Activity: Reproduce the records below exactly as they appear, omitting any pictures they contain.

Available data:

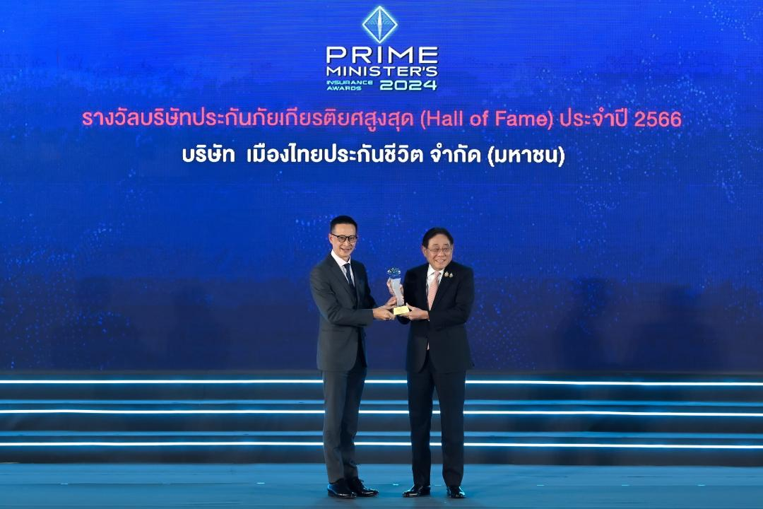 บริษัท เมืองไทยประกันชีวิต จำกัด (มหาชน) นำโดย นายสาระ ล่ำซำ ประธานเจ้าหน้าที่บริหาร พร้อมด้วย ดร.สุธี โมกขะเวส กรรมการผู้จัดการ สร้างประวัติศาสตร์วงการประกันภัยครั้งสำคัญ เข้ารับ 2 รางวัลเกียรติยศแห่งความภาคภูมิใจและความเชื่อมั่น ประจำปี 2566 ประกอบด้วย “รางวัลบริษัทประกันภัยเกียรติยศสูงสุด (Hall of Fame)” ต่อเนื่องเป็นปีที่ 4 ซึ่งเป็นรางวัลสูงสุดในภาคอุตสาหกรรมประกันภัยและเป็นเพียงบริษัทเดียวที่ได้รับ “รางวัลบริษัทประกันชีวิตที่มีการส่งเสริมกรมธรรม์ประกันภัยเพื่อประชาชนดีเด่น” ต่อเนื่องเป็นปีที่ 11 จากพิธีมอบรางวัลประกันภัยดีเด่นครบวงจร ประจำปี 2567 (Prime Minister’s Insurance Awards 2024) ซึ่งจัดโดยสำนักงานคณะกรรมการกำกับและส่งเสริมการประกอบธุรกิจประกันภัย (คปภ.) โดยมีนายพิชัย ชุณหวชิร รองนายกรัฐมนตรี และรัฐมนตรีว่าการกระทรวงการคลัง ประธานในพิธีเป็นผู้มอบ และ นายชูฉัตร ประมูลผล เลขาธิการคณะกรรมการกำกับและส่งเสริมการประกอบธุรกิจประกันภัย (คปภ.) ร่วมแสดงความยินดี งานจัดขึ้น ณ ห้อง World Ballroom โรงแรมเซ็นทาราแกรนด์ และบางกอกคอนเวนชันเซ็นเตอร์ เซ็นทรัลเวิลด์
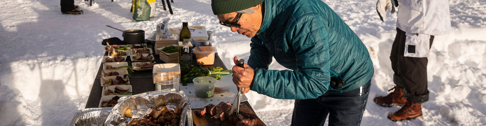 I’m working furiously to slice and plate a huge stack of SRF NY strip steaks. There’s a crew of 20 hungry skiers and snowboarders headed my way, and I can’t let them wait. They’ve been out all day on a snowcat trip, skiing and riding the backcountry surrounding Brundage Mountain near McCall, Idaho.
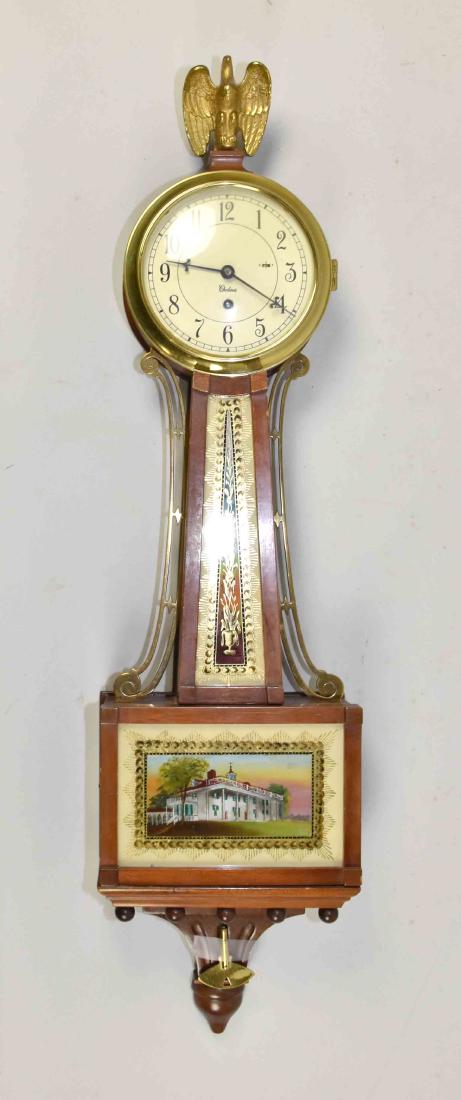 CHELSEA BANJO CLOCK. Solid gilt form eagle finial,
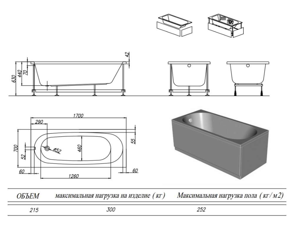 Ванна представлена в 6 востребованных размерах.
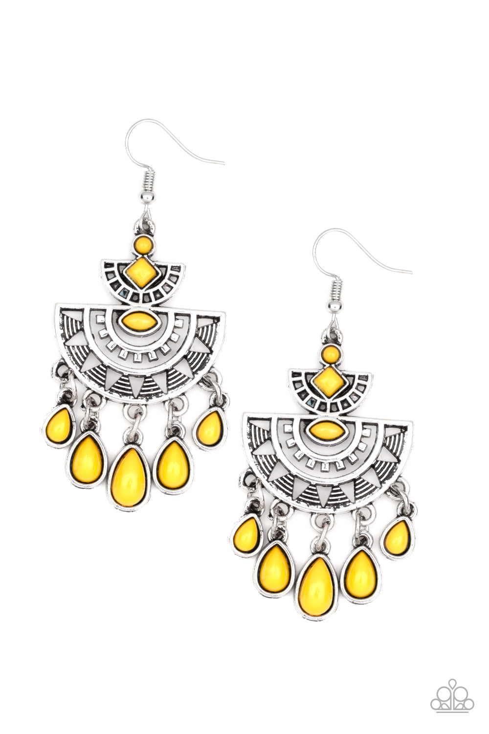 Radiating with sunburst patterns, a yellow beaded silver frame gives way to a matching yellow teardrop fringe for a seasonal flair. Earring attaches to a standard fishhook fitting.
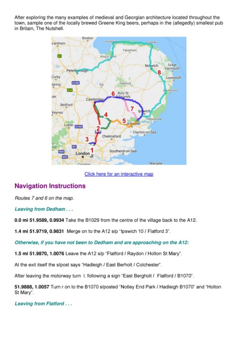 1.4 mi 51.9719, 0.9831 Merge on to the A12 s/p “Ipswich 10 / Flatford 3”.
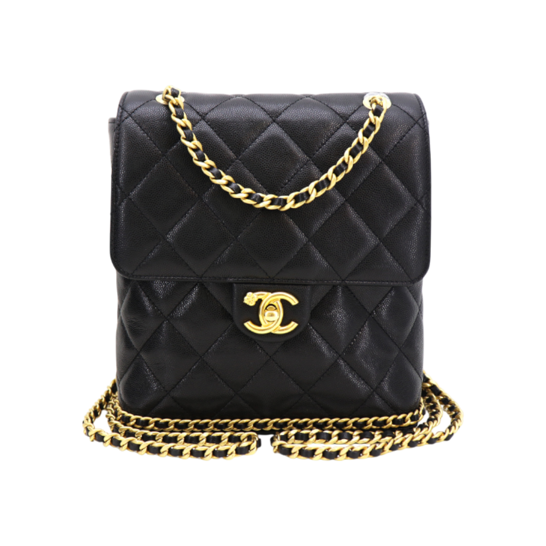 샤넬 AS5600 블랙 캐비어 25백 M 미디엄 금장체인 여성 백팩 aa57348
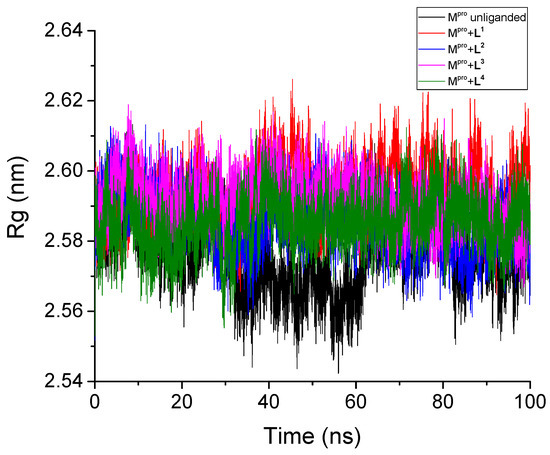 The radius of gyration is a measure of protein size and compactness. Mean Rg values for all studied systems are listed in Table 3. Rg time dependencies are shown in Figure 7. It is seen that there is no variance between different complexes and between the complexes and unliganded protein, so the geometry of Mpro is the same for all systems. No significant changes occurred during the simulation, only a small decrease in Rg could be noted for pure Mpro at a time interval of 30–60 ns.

Exercise response:
 บริษัท เมืองไทยประกันชีวิต จำกัด (มหาชน) นำโดย นายสาระ ล่ำซำ ประธานเจ้าหน้าที่บริหาร พร้อมด้วย ดร.สุธี โมกขะเวส กรรมการผู้จัดการ สร้างประวัติศาสตร์วงการประกันภัยครั้งสำคัญ เข้ารับ 2 รางวัลเกียรติยศแห่งความภาคภูมิใจและความเชื่อมั่น ประจำปี 2566 ประกอบด้วย “รางวัลบริษัทประกันภัยเกียรติยศสูงสุด (Hall of Fame)” ต่อเนื่องเป็นปีที่ 4 ซึ่งเป็นรางวัลสูงสุดในภาคอุตสาหกรรมประกันภัยและเป็นเพียงบริษัทเดียวที่ได้รับ “รางวัลบริษัทประกันชีวิตที่มีการส่งเสริมกรมธรรม์ประกันภัยเพื่อประชาชนดีเด่น” ต่อเนื่องเป็นปีที่ 11 จากพิธีมอบรางวัลประกันภัยดีเด่นครบวงจร ประจำปี 2567 (Prime Minister’s Insurance Awards 2024) ซึ่งจัดโดยสำนักงานคณะกรรมการกำกับและส่งเสริมการประกอบธุรกิจประกันภัย (คปภ.) โดยมีนายพิชัย ชุณหวชิร รองนายกรัฐมนตรี และรัฐมนตรีว่าการกระทรวงการคลัง ประธานในพิธีเป็นผู้มอบ และ นายชูฉัตร ประมูลผล เลขาธิการคณะกรรมการกำกับและส่งเสริมการประกอบธุรกิจประกันภัย (คปภ.) ร่วมแสดงความยินดี งานจัดขึ้น ณ ห้อง World Ballroom โรงแรมเซ็นทาราแกรนด์ และบางกอกคอนเวนชันเซ็นเตอร์ เซ็นทรัลเวิลด์
 I’m working furiously to slice and plate a huge stack of SRF NY strip steaks. There’s a crew of 20 hungry skiers and snowboarders headed my way, and I can’t let them wait. They’ve been out all day on a snowcat trip, skiing and riding the backcountry surrounding Brundage Mountain near McCall, Idaho.
 CHELSEA BANJO CLOCK. Solid gilt form eagle finial,
 Ванна представлена в 6 востребованных размерах.
 Radiating with sunburst patterns, a yellow beaded silver frame gives way to a matching yellow teardrop fringe for a seasonal flair. Earring attaches to a standard fishhook fitting.
 1.4 mi 51.9719, 0.9831 Merge on to the A12 s/p “Ipswich 10 / Flatford 3”.
 샤넬 AS5600 블랙 캐비어 25백 M 미디엄 금장체인 여성 백팩 aa57348
 The radius of gyration is a measure of protein size and compactness. Mean Rg values for all studied systems are listed in Table 3. Rg time dependencies are shown in Figure 7. It is seen that there is no variance between different complexes and between the complexes and unliganded protein, so the geometry of Mpro is the same for all systems. No significant changes occurred during the simulation, only a small decrease in Rg could be noted for pure Mpro at a time interval of 30–60 ns.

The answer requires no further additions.